In fact, I could have left my bathroom scales in my wine rack (I did not do that, someone else did) and expected to still find it there or carelessly left the fridge door open and met it undefeated by gravity or the rotational forces of the earth in the same position I had in my forgetfulness abandoned things.

That lack of trepidation as to the condition of my home that always seemed to leave me a total stranger in my own home after any sojourn away, was bliss. None of the disorderliness which to the mind of another was their order, or apparent disarray was due to poltergeist activity, I simply had a trusted house sitter.

Behold an earthquake

Trusted is being generous to a fault, because except for the entirely immovable things, everything moved, changed places, or just disappeared.

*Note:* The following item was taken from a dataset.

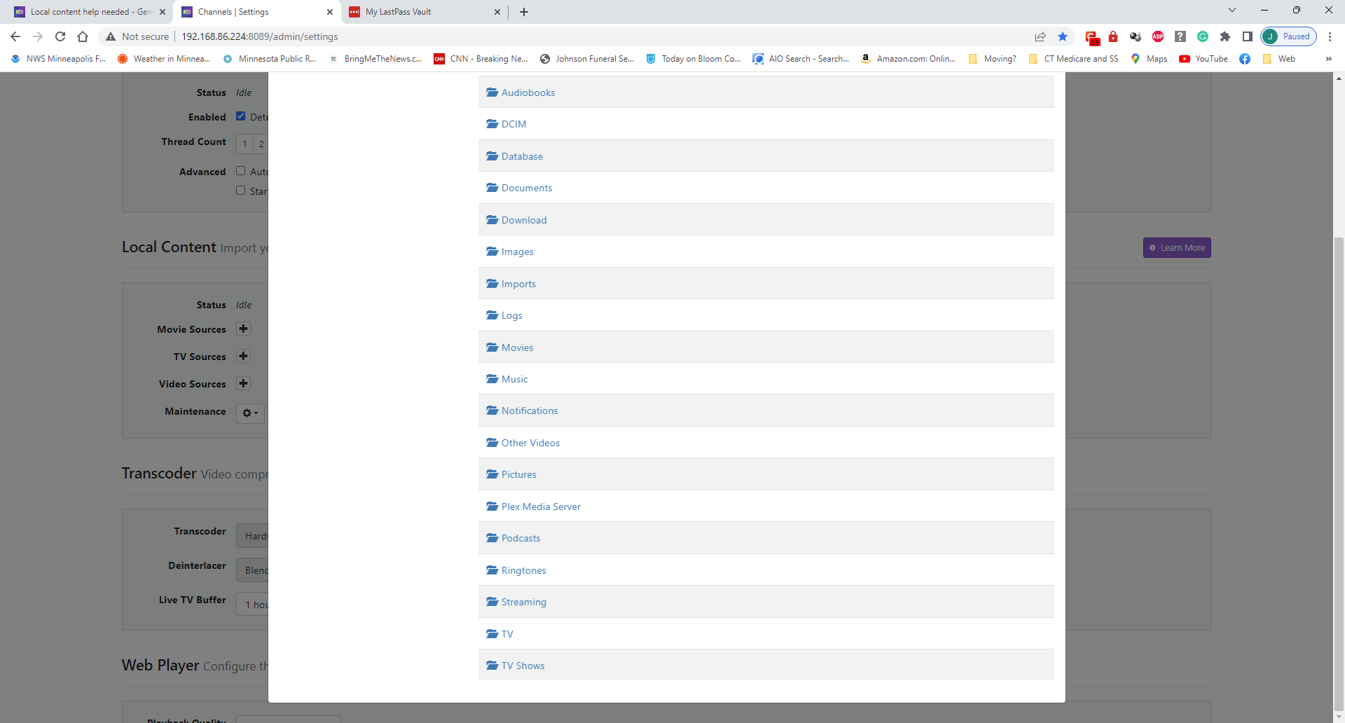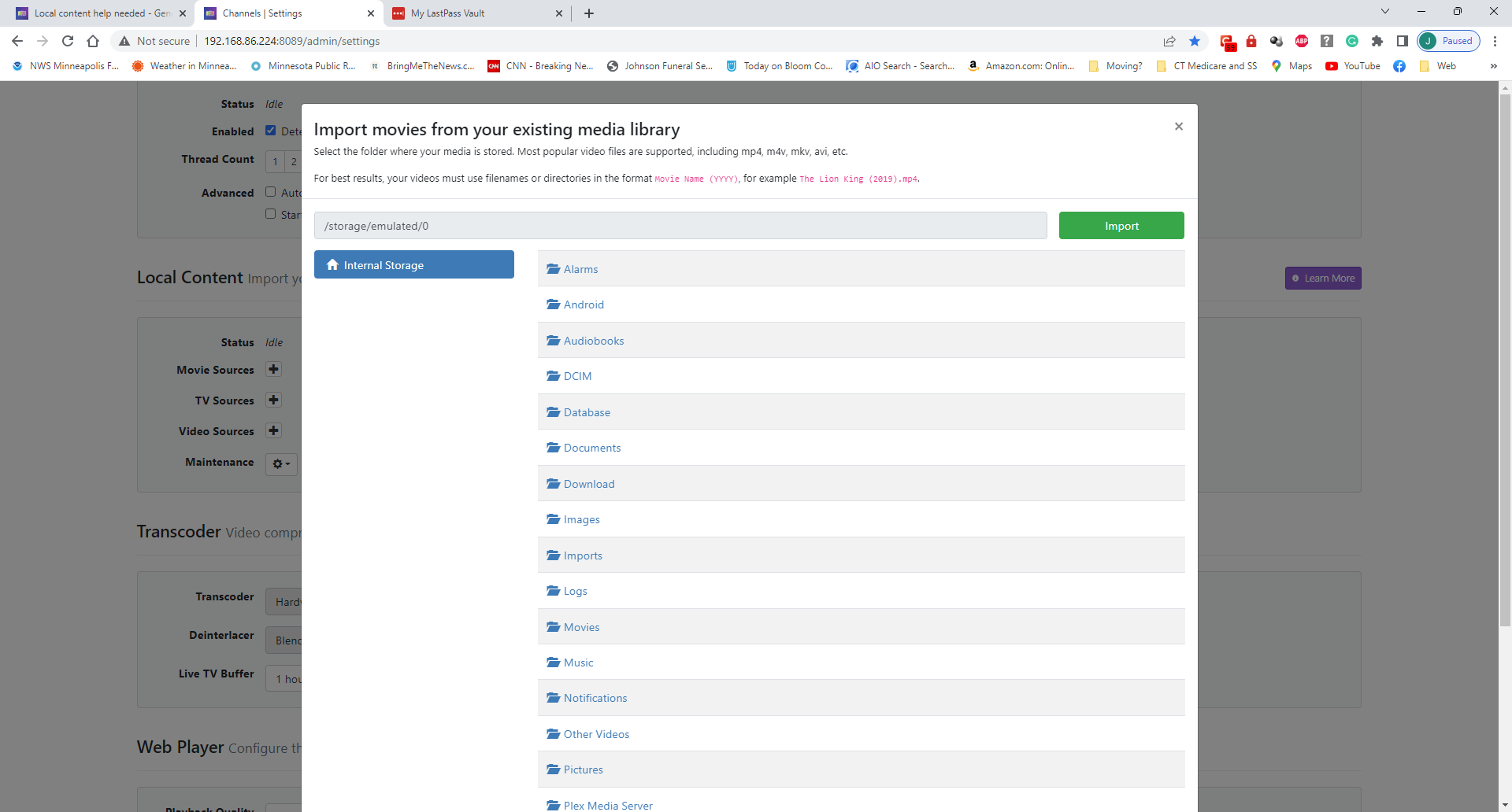 Have tried to "point" the Channels DVR to the files in the Plex folder named TV Shows and have tried copying the movie and tv show files into the respective Imports folder. Nothing has worked and I cannot point to any other storage location folders such as my Windows PC which is on the same network and where I can see and access the storage drive connected to the Shield.
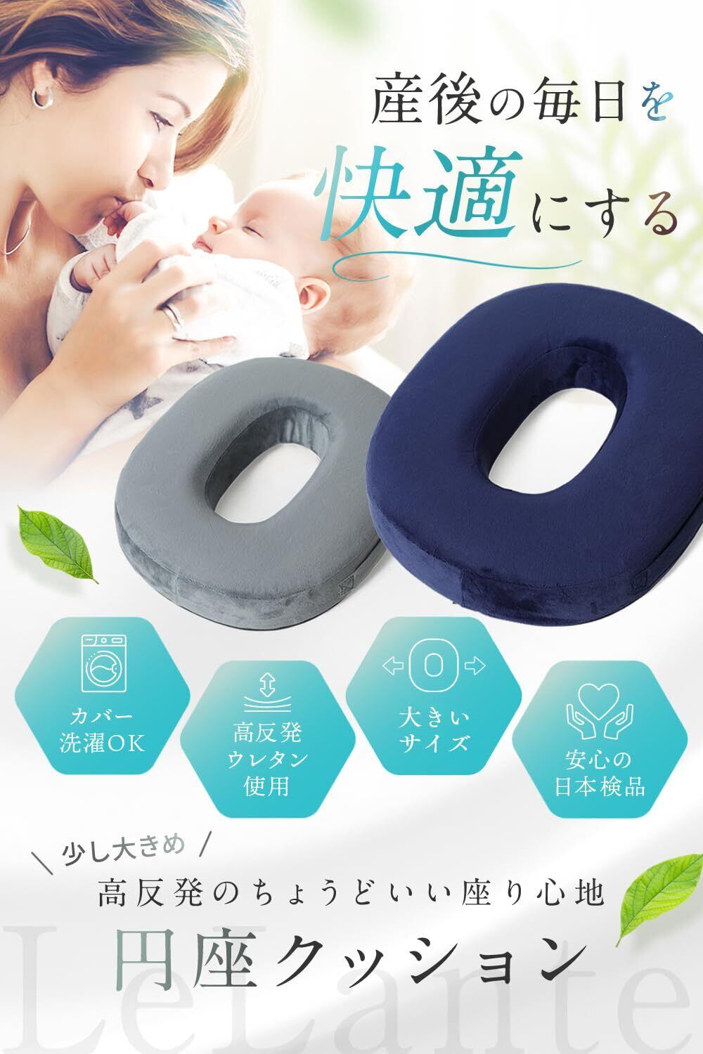 【Lelanteのこだわり】様々な ドーナツ型クッション や 産後クッション が出回っていますが、当社の 円座クッション は、ほどよいフィット感と耐久性にこだわっています!

The lack of care for the very basic things even though to his thinking he was keeping the place tidy, robbed me too many times of the enjoyment of home, yet overwhelmed to a masochist trait, I submitted myself to more abuse.

However, after a 16-hour journey back from Cape Town, still barely at 60% of my strength, I stepped into my home and though he was present, I found myself running the vacuum cleaner through my apartment before I even took my jacket off. When I opened the fridge, a hurricane had swept through it with pieces anywhere but where they should be.

That I was still finding things out of place five months later is testament to his genius that has a madness to its method, but the day after I returned, I asked him to give me back the keys to my apartment and I bought myself the unimaginable treasure of space, independence, and wallowing in the mess of my own making. I could live with that.

Peace with my pieces

The next time we saw each other, it was at a waving distance attending a funeral, I bear no animosity toward him, I consider him a friend, even if he thinks otherwise. It was a necessary intervention, rescuing myself from the throes of the unmentionable trying to articulate the indescribable.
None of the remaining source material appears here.